Multilocus sequence typing (MLST) was preformed as described previously (11). Briefly, the inner regions of seven housekeeping genes (arcC, aroE, glp, gmk, pta, tpi, and yqiL) in S. aureus were amplified by PCR, and their nucleotide sequences were determined using an ABI Prism 3100 genetic analyzer. Strains were defined by the alleles present at the seven loci (the allelic profile), and each unique allelic profile was assigned a sequence type (ST) based on the MLST website (http://www.mlst.net). STs were then correlated to each other by using the program BURST (based upon related sequence types) in the MLST website.
Multiple alignments were performed with CLUSTAL X software program (version 1.8) (43). The alignment was adjusted manually for any obvious misplacement of gaps on the basis of physiochemical properties of amino acids. The phylogenetic tree was created using the maximum likelihood method in the GCG paupsearch program in the Wisconsin GCG package (Accelrys Inc.) Support for individual nodes on the tree was determined by bootstrap analysis. The phylogenetic trees were visualized with Treeview (34).
The sequences of the coa genes and their flanking regions of S. aureus strains 104, Stp-28, no. 55, Stp-12, Ku, 17573, and 19 have been deposited in the DDBJ, EMBL, and GenBank databases under accession numbers AB158549, AB158550, AB158551, AB158552, AB158553, AB158554, and AB158555, respectively.
We aimed to compare the genes of all 10 staphylocoagulase serotypes that have been identified by using specific neutralizing antibodies.
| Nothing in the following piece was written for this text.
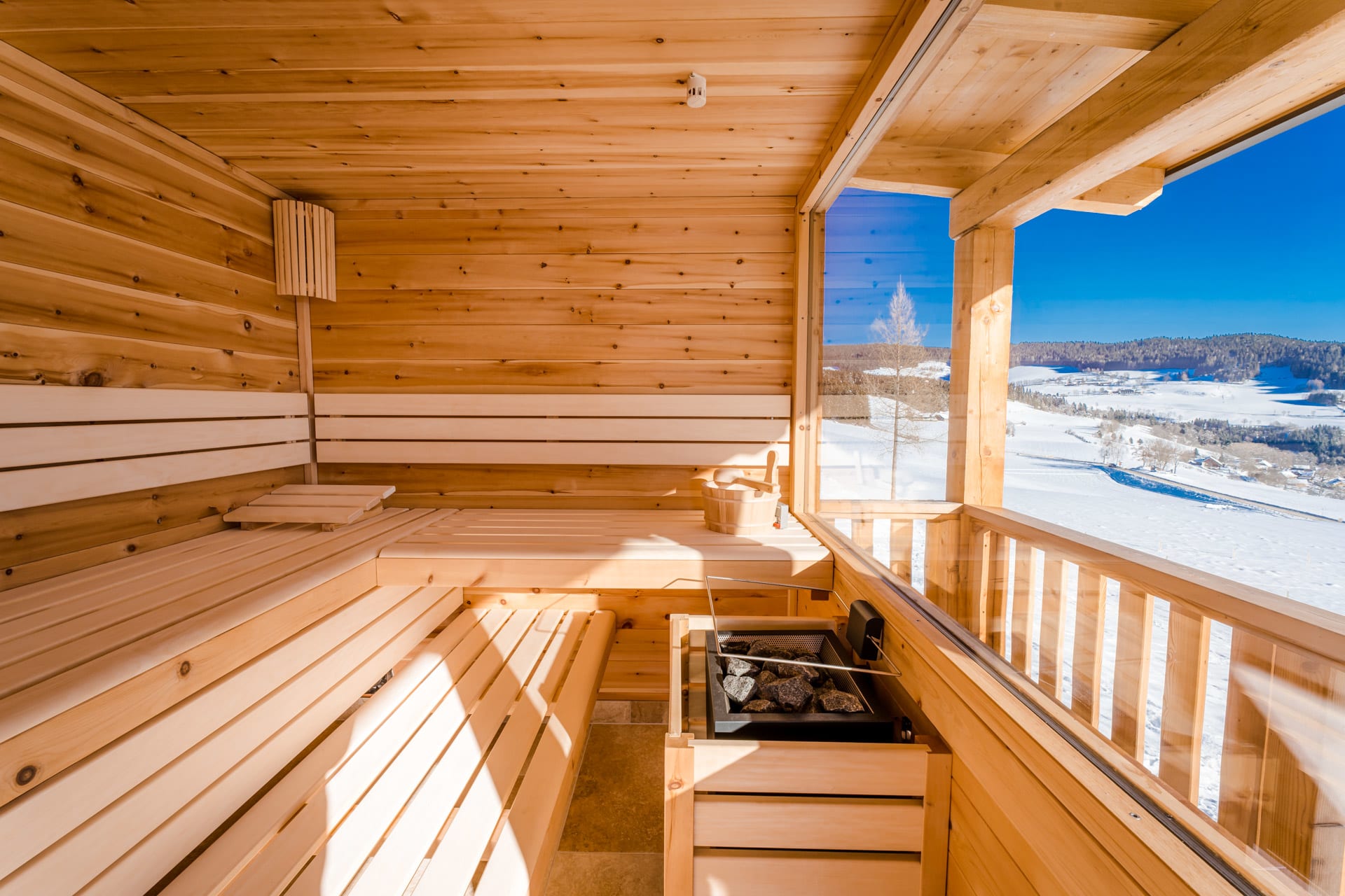 Ihr ganz persönlicher Rückzugsort ist das großzügige Wohlfühlbadezimmer. Verwöhnen Sie sich mit einem Bad in wohltemperiertem Wasser oder genießen Sie Entspannung unserer Physiotherm Infrarotkabine. Manche mögen es heiß und schwitzen lieber in der privaten Sauna mit Panoramablick. Nach einer anschließenden Dusche entspannen Sie sich noch einige Zeit im gemütlichen Relaxbett. Auf Wunsch organisieren wir für Sie auch eine wohltuende Massage.

By the time we started this study, the nucleotide sequences of four types of coa genes had already been reported. Nucleotide sequences of the type I coa of S. aureus BB, type II coa of S. aureus 213, and type III coa of S. aureus 8325-4 were reported individually (21, 22, 38), and nucleotide sequences of type II, III, and VII coa genes were available from the whole genome sequences of S. aureus N315, S. aureus NCTC 8325, and S. aureus MW2 (2, 18, 28). We therefore determined nucleotide sequences of coa in six serotypes (types IV, V, VI, VIII, IX, and X) using the corresponding staphylocoagulase reference strains. In addition to the nucleotide sequence of type I coa of S. aureus strain BB, which has already been reported, we also determined the nucleotide sequence of coa in type I reference strain S. aureus 104 to investigate the phylogenetic relations between coa and other chromosomal regions.
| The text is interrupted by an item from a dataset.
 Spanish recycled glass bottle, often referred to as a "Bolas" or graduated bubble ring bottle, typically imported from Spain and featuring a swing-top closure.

Table Table22 shows the characteristics of coa in the 10 serotypes. The lengths of these genes are rather diverse. They ranged from the shortest size of 1,902 bp (type VII) to the longest size of 2,280 bp (type VIII), and the average length was 2,034 bp. The numbers of 81-bp tandem repeats located at the 3′ terminus were diverse, too. They ranged from the smallest number of repeats, five (NCTC 8325, MW2, and 19), to the largest number of repeats, nine (Ku). The differences in nucleotide sequences of the 81-bp tandem repeats and the number of tandem repeats were reported and have been used for epidemiological markers as well (42). When we assigned alleles defined by nucleotide differences in the 81-bp repeat units that constitute the tandem repeat, 36 of 63 were new alleles (V3 to G5 in Table Table2).2). The average GC content was 35.7%, which was slightly higher than that of the whole genome sequence of S. aureus N315 (29%) (28). Table Table33 shows overall identities of the nucleotides and their deduced amino acid sequences of 10 coa genes. The nucleotide identity was 77.1% on average, and amino acid identities and similarities were 75.3% and 79.8%, respectively. The highest value of amino acid identity was 88.4% (type IV versus type IX), and the lowest was 69.5% (type V versus type VII).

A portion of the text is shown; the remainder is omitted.